Küvetten. Die Prüfsubstanz wird in einer geeigneten Lösung gelöst und in ein optisch transparentes Messgefäß gegeben - Küvette. Typischerweise verfügt der Küvettenhalter über Zellen für vier Küvetten. Da Glas ultraviolettes Licht absorbiert, werden Quarzküvetten für Messungen im ultravioletten Bereich des Spektrums verwendet. Für Messungen im sichtbaren Bereich können Kunststoff- oder Glasküvetten verwendet werden. Bei der Arbeit mit flüchtigen oder chemisch aktiven Stoffen werden die Küvetten mit Deckeln abgedeckt.

Da die im Spektralphotometer platzierte Küvette ein integraler Bestandteil des optischen Systems wird, muss sie sehr sorgfältig gehandhabt werden. Kratzer und Schmutz an den Wänden der Küvette streuen und absorbieren das Licht stark und verfälschen die Messergebnisse. Dies ist insbesondere bei Arbeiten im ultravioletten Bereich zu beachten. Die Küvetten können mit weichen Stoffen wie Baumwolle abgewischt werden. Es wird nicht empfohlen, für diese Zwecke Filterpapier zu verwenden. Da organische Moleküle im ultravioletten Bereich absorbieren, sollten die optischen (transparenten) Wände der Küvette niemals berührt werden. Es ist besser, die Lösung in die Küvette zu gießen und diese in den Küvettenhalter zu stellen, der zuvor aus dem Gerät entfernt wurde. Küvetten sind ziemlich zerbrechlich, insbesondere Küvetten aus Quarz. Daher müssen Sie vorsichtig mit ihnen arbeiten und mechanische Beschädigungen vermeiden.

Der Inhalt der Küvette muss homogen sein – dies ist eine notwendige Voraussetzung für die Gewinnung reproduzierbarer Daten. Es ist darauf zu achten, dass die Lösung nicht trüb wird. Vor allem Luftblasen stören die Messung und erhöhen die Streuung erheblich. Sie können keine sehr kalte Lösung in die Küvette gießen, da sonst Wasserdampf aus der Luft an den Außenwänden der Küvette kondensiert und die Wände undurchsichtig werden.

Wenn die Küvetten mit Fremdverunreinigungen verunreinigt sind, sollten sie mit destilliertem Wasser und (oder) einem Lösungsmittel, in dem die Testsubstanz gelöst ist, gewaschen werden. Die Küvetten können mit milden Reinigungsmitteln gewaschen werden. Es wird nicht empfohlen, Küvetten mit konzentrierten Säuren oder Laugen oder anderen Ätzmitteln zu waschen.
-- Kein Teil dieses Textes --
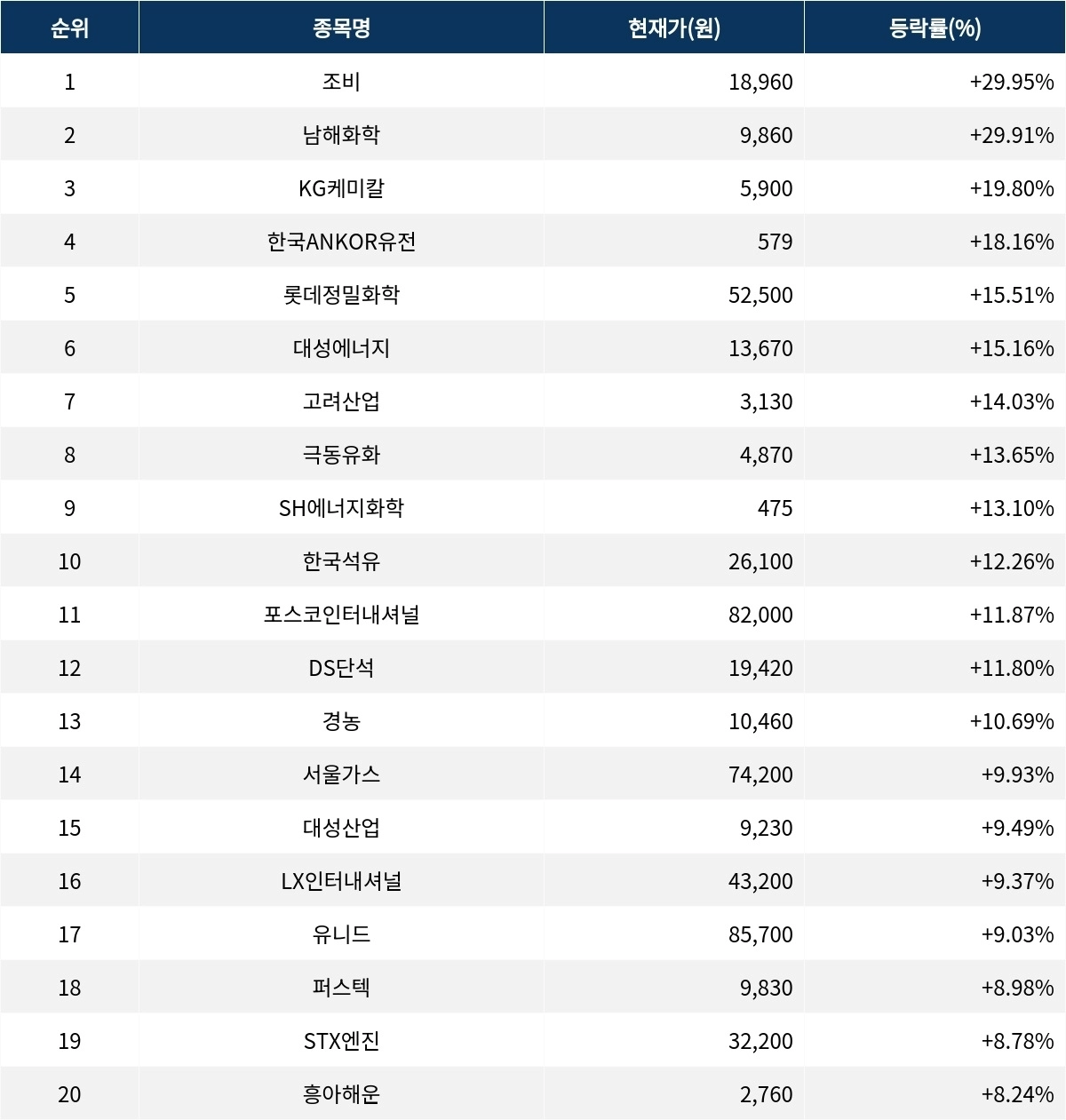 6위 대성에너지(117580)는 현재가 1만 3670원으로 15.2% 상승 중이다. 7위 고려산업(002140)은 현재가 3130원으로 14.0% 상승 중이다. 8위 극동유화(014530)는 현재가 4870원으로 13.7% 상승 중이다. 9위 SH에너지화학(002360)은 현재가 475원으로 13.1% 상승 중이다. 10위 한국석유(004090)는 현재가 2만 6100원으로 12.3% 상승 중이다.

Die Küvetten müssen so weit gefüllt sein, dass der Strahlungsfluss die Lösungsschicht vollständig durchdringt. Am häufigsten werden Küvetten mit einer optischen Weglänge von 1 cm verwendet, in die üblicherweise 2,5–3 ml Lösung eingefüllt werden. Solche Küvetten fassen 4–5 ml, werden aber nur bei Bedarf vollständig gefüllt. Es gibt Küvetten mit optischen Weglängen von 50, 20, 5, 2 und 1 mm.

Fotozellen. Fotozellen wandeln Lichtenergie in elektrische Energie um. Das elektrische Signal wird dann verstärkt und aufgezeichnet.

Photonen, die die Oberfläche einer Fotozelle bombardieren, schlagen Elektronen aus ihr heraus, deren Anzahl proportional zur Intensität des Lichts ist. Diese Elektronen fliegen zur positiven Elektrode. Dadurch entsteht in einem geschlossenen Stromkreis ein elektrischer Strom, der durch den Spannungsabfall am in diesem Stromkreis befindlichen Widerstand erkannt wird. Die Spannung kann verstärkt werden, und nach Kompensation dieses Signals mit einem in Absorptionseinheiten kalibrierten Potentiometer wird die Absorption der Probe direkt auf dem Sensor aufgezeichnet.

Photomultiplierröhren sind in der Regel empfindlicher als einfache Fotozellen.

Dies liegt daran, dass von der lichtempfindlichen Schicht emittierte Elektronen durch Hochspannung beschleunigt werden und aufgrund von Kollisionen im Gas Sekundärelektronen entstehen, was zu einer Stromerhöhung führt.

Schlitzbreite. Die Größe des Spalts bestimmt den Wellenlängenbereich des auf die Probe einfallenden Lichts. Um zuverlässige Ergebnisse zu erhalten, ist es daher notwendig, mit einem Spalt zu arbeiten, der für die gegebenen Versuchsbedingungen minimal schmal ist. Wenn der Spalt richtig gewählt ist, ändern sich die Instrumentenwerte bei einer Verdoppelung seiner Größe nicht.